In addition, a Python program was created for preprocessing data, responsible for calibration and data conversion. This is necessary due to different reference variables (velocity, time, and distance) in the systems used for data comparison. The software converts between time units, from distance to time, and vice versa. Calibration is crucial to apply offsets since haptic samples are not taken on a perfectly flat surface. To facilitate communication between the two scripts, a protocol of commands was established for the UART channel, determining the hardware actions.

4.2 Real haptic samples

Our tactile sampling uses this specially designed three-fingered end effector for discerning the local curvature features of objects. Each finger, equipped with a tactile sensor at its tip, is strategically positioned to detect contact during the examination of an object. The system records the contact timing of each sensor as the fingers approach the object at a consistent velocity.

These recorded timings, denoted as by the triple \((t_l, t_m,t_r)\), are used for describing the object’s curvature. This deduction is achieved by calculating the time intervals between successive touches of the sensors, utilizing the initial sensor’s contact as the reference point with zero time. The result is analogous to the second derivative which denotes the concavity or convexity of the local curvature.

Samples are acquired on all faces for all of the objects. With four rounds for each face (totaling 32 samples per face), this procedure yields 192 samples per object. The histograms of the curvatures of the object are shown in Fig. 8. The bin width for the histograms is chosen to optimally represent the data. Note that these histograms are not directly used in the classification process. Nevertheless, the histograms are shown here to provide insights into the nature of this curvature feature.

Figure 8 highlights key observations: Lat00 and Lat05 curvatures are mainly positive, indicating convex faces, with Lat00 having greater curvatures. Conversely, Lat15 and Lat20 curvatures are predominantly negative, suggestive of concave faces, with Lat20 exhibiting greater curvatures.
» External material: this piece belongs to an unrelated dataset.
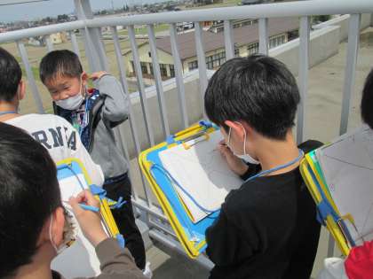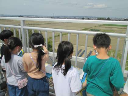 4月13日(水)、社会科の学習がスタートしました。今日は、屋上から学校の周りの様子を観察しました。昨年度も生活科の町探検の学習で屋上に行きましたが、社会科では「東西南北」を意識して、より詳しく観察することができました。これからの学習が楽しみですね。
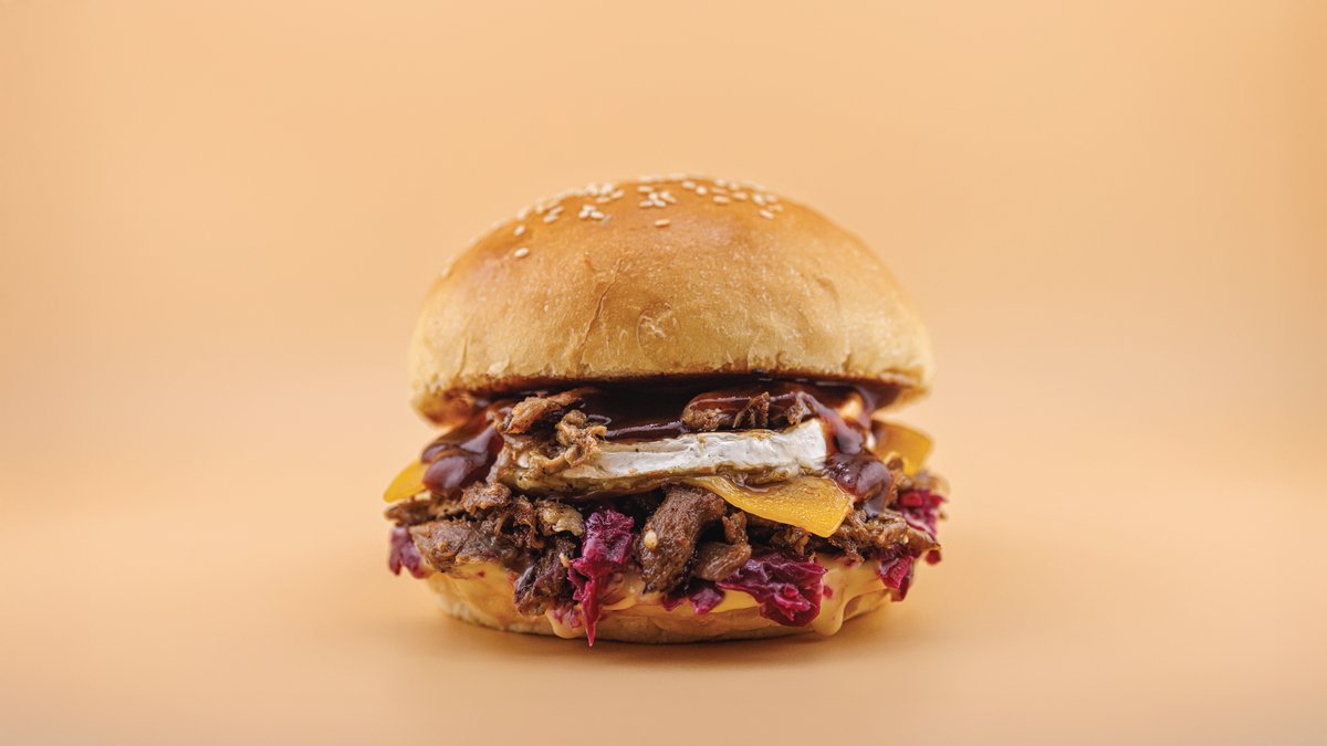 Sous vide tépett kacsa, kézműves buci, ír cheddar sajt, grillezett camembert sajt, almás párolt lilakáposzta, mézes mustáros szósz, BBQ szósz

Lat10 curvatures are nearly zero, with a slightly positive trend due to noise in real-world sampling, a phenomenon further explored in Sect. 6 across various samples and objects.

Fig. 4
figure 4

Setup for real image acquisition: A UR3, B RS2, C dark background, D PC. and E Examples of real visual samples captured by the system

4.3 Visual capture system

In the next phase, a visual capture system was constructed and mounted on the same robotic arm that previously housed the haptic capture system, with a change in the end effector. An INTEL Realsense 2 (RS2) camera was utilized as the end effector, enabling portable image capture. A Python 3 program was developed using RS2 and UR3 SDKs for simultaneous camera movement and image capture. Figure 4 illustrates the proposed setup, where we include a black background to the table for contrast enhancement together with a fixed white light source from the top.

4.4 Real visual samples

We perform two main processes for obtaining the visual samples. First, we conduct a real image capture session, and second, we apply image processing techniques for normalizing the real images.

The real image-capturing system is built on the previously mentioned hardware (UR3 + Realsense2). The UR3 was programmed to perform a sequence of fixed positions, and when each position was reached, the system activated the camera to capture an image (see Fig 4E). The system will capture as many images as pre-fixed positions were established at the beginning, saving all images in a folder. Once the sequence is finished, the object is manually rotated and the process of capturing images is repeated.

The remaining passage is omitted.